A new robust control strategy is proposed in this paper for synchronization of fractional-order hyperchaotic systems. Furthermore, a new self-evolving non-singleton type-2 fuzzy neural network (SE-NT2FNN) presented, in which the structure of fuzzy neural network is not fixed and is modified when necessary and the proposed SE-NT2FNN has ability to identify dynamic of hyperchaotic systems.
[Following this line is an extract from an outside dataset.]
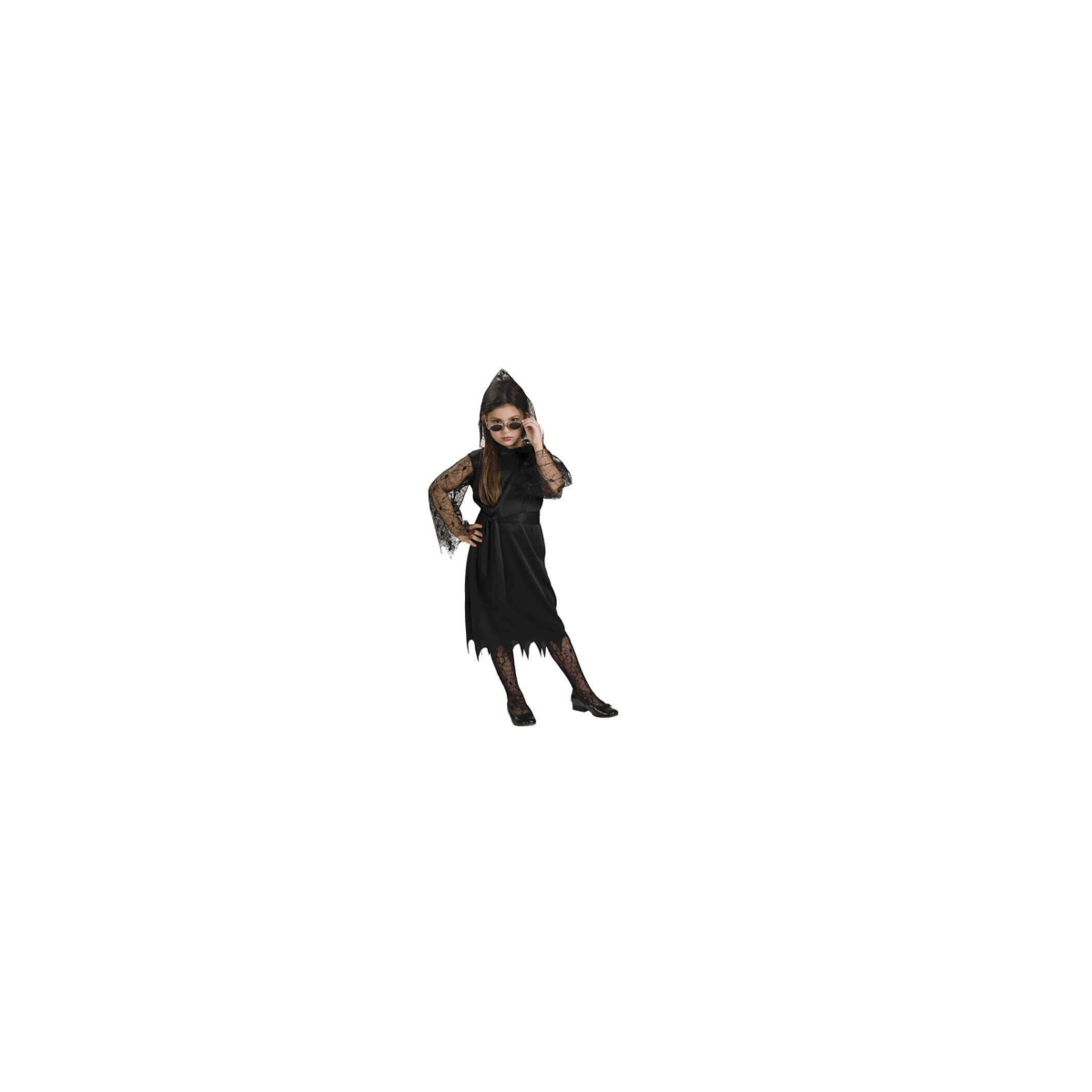 Este disfraz de vampiresa negra con telarañas para niños de 5 a 7 años es una opción ideal para quienes buscan un look misterioso y elegante en Halloween o fiestas de disfraces. Su diseño oscuro y cuidado crea un personaje vampírico llamativo sin perder ese toque infantil que tanto gusta.

The effect of approximation error and external disturbance can be eliminated by \({H_\infty }\) LMI-based control approach. It is shown that the closed-loop system is stable. The proposed method is successfully applied to synchronize two identical and nonidentical fractional-order hyperchaotic systems. The simulation results verified that proposed controller shows good performance in the presence of unknown functions and external disturbances. Also the results for the encryption and decryption of the input message in the secure communication system, confirmed the effectiveness of the proposed synchronization scheme. As we know, in all of works in the field of synchronization of the fractional-order chaotic systems and also in this paper, the value of the fractional-order is assumed to be known. In the future works, we will extended the results to the cases that the controller is not depend on the value of fractional-order.